Items listed in a dataset:
+ + +

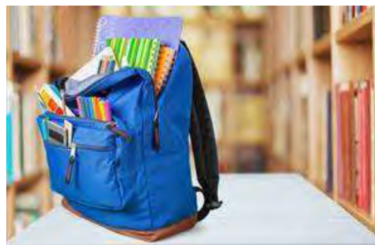
scuola © n. c.

Ai docenti, in particolar modo, esprimiamo il nostro ringraziamento per la passione e l'impegno che metteranno in campo in quest'anno scolastico.
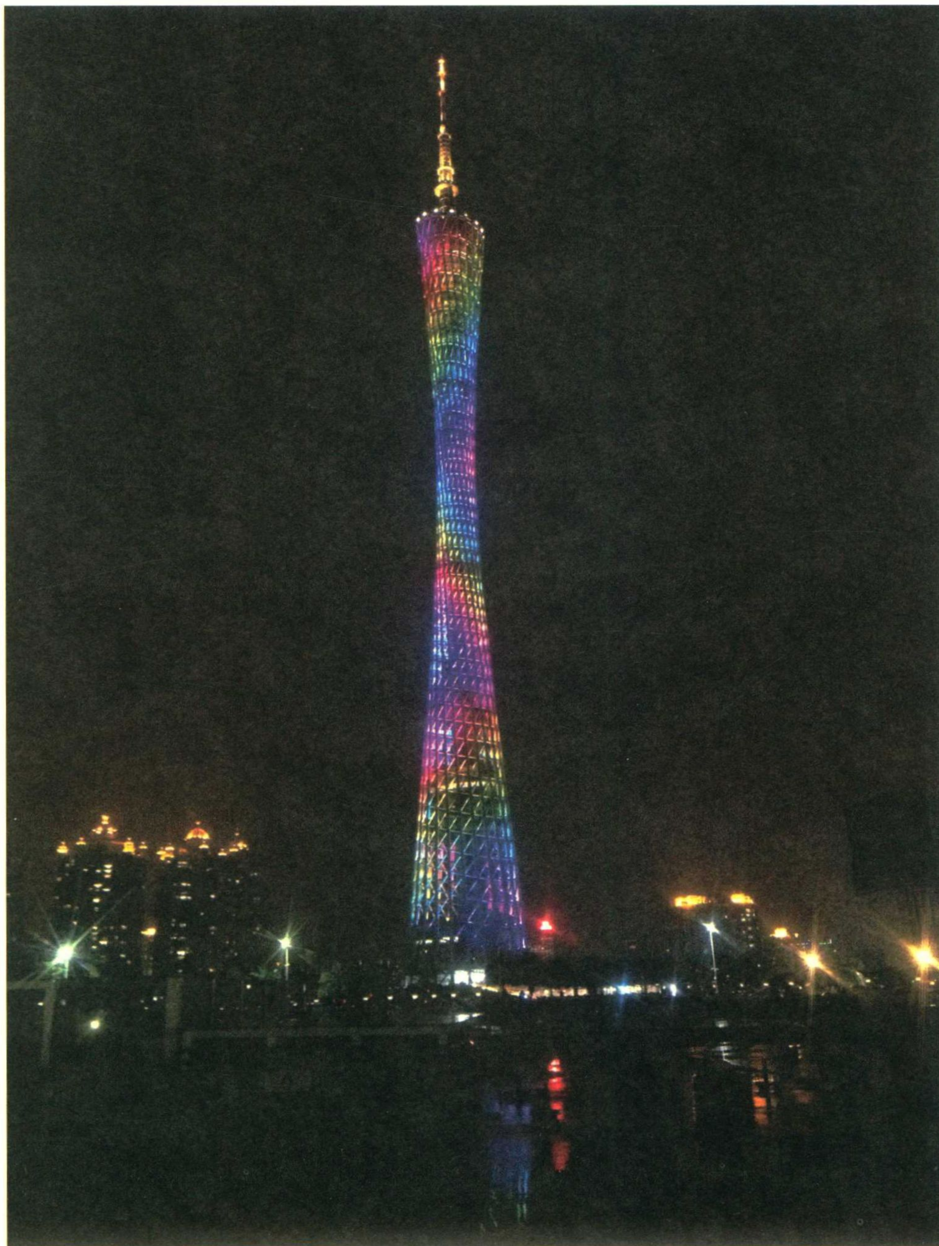
吾城：我生存的地方
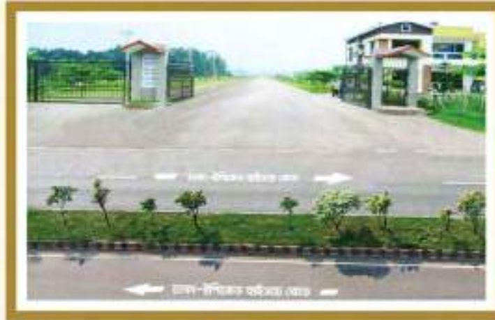
আলোকিত বাংলাদেশ ঢাকা-ইপিজেড হাইওয়ে রোডের সাথেই
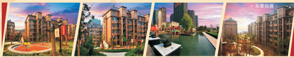
热烈庆贺 橡树玫瑰城被评为『2009影响中国的典范社区』

橡树里 City people's spiritual hometown OAK LANE 城·市·人·的·心·灵·栖·息·地
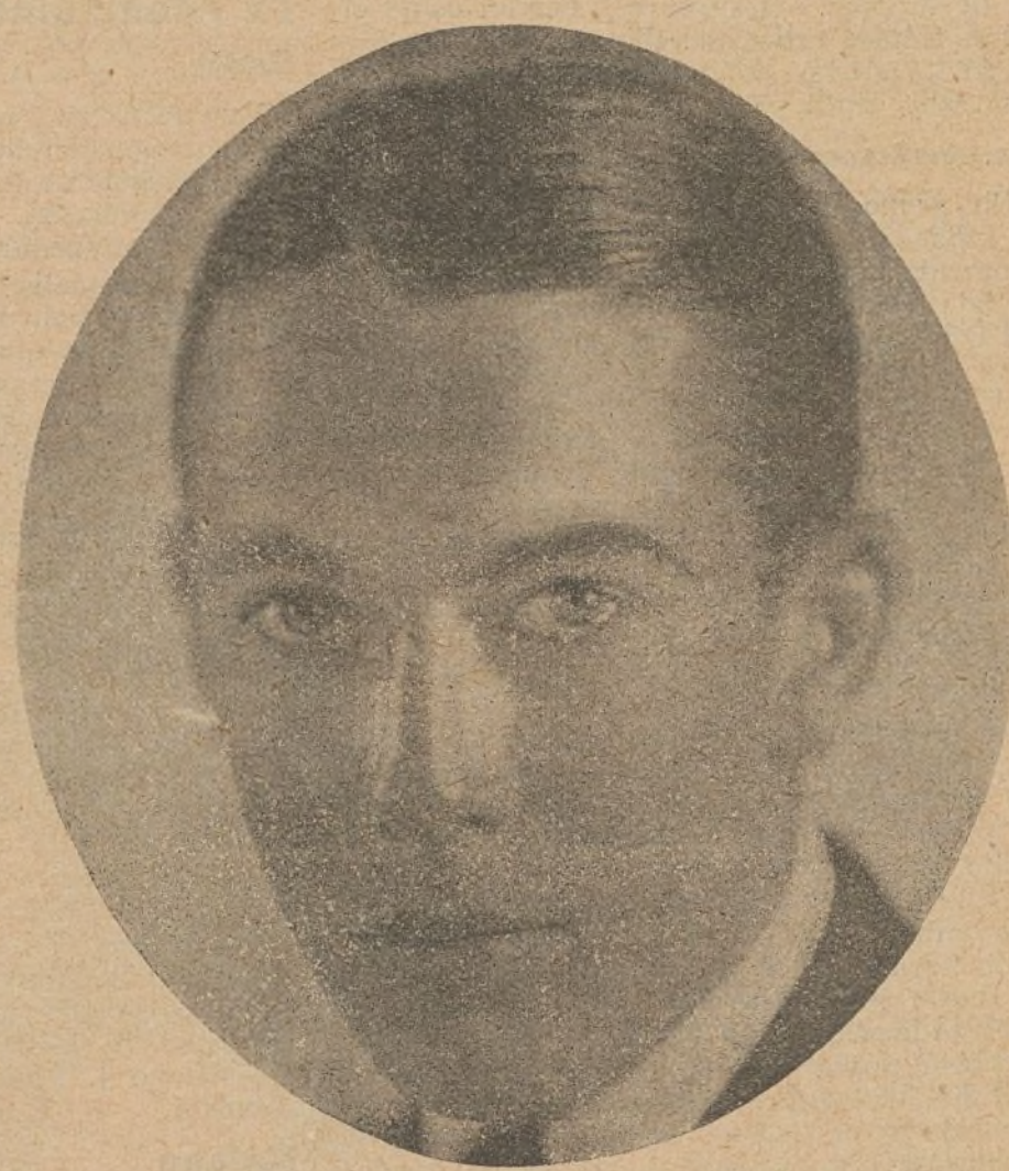
Jack Pickford, que demuestra una vez más su arte en la notable película «El desquite de Garrison», de la casa «Artistas Asociados»

El sábado se estrenó en el Kursaal otra nueva película de singulares méritos, titulada «La reina de la moda», que es, en el
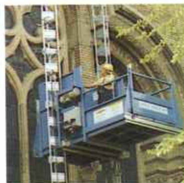
Személy-terher szállító felvonók
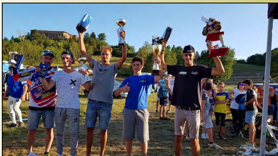
Podio Frincross categoria Master 2017
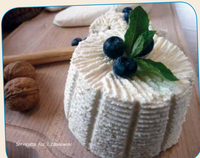
Ser ricotta.
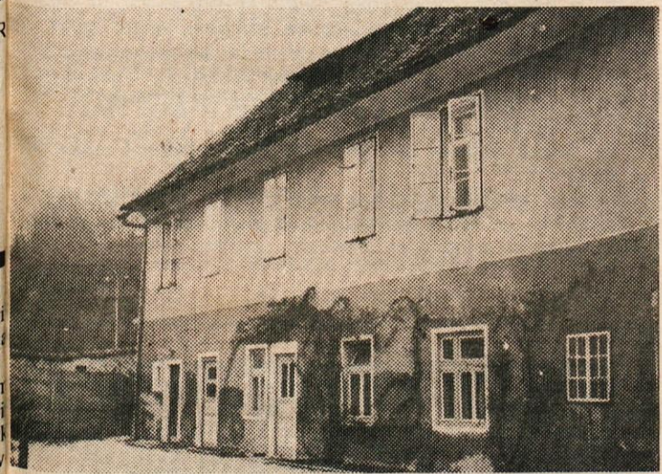
BO „MARJANCA“ KDAJ SLUŽILA KAMNIŠKIM UPOKOJENCEM?

Poleg tega, da so ti prostori na zelo primernem kraju v središču mesta, in bi bili lahko dostopni našim ostarelim občanom, je treba pripomniti tudi to, da bo v bližnji zgradbi nekdanje železniške postaje v kratkem začel delovati mladinski klub. Torej naj bi se v tem delu mesta v prihodnje razvilo kulturno in zabavno središče kamniške mladine in starejših občanov. Občinska konferenca SZDL sodi, da bo tako rešitev za naše ostarele občane pozdravila večina Kamničanov. F. S.

+ + +

-- WHAT TO WORK ON --
Copy each line above precisely, dropping the pictures.

-- RESULT OF THE TASK --
scuola © n. c.

Ai docenti, in particolar modo, esprimiamo il nostro ringraziamento per la passione e l'impegno che metteranno in campo in quest'anno scolastico.
吾城：我生存的地方
আলোকিত বাংলাদেশ ঢাকা-ইপিজেড হাইওয়ে রোডের সাথেই
热烈庆贺 橡树玫瑰城被评为『2009影响中国的典范社区』

橡树里 City people's spiritual hometown OAK LANE 城·市·人·的·心·灵·栖·息·地
Jack Pickford, que demuestra una vez más su arte en la notable película «El desquite de Garrison», de la casa «Artistas Asociados»

El sábado se estrenó en el Kursaal otra nueva película de singulares méritos, titulada «La reina de la moda», que es, en el
Személy-terher szállító felvonók
Podio Frincross categoria Master 2017
Ser ricotta.
BO „MARJANCA“ KDAJ SLUŽILA KAMNIŠKIM UPOKOJENCEM?

Poleg tega, da so ti prostori na zelo primernem kraju v središču mesta, in bi bili lahko dostopni našim ostarelim občanom, je treba pripomniti tudi to, da bo v bližnji zgradbi nekdanje železniške postaje v kratkem začel delovati mladinski klub. Torej naj bi se v tem delu mesta v prihodnje razvilo kulturno in zabavno središče kamniške mladine in starejših občanov. Občinska konferenca SZDL sodi, da bo tako rešitev za naše ostarele občane pozdravila večina Kamničanov. F. S.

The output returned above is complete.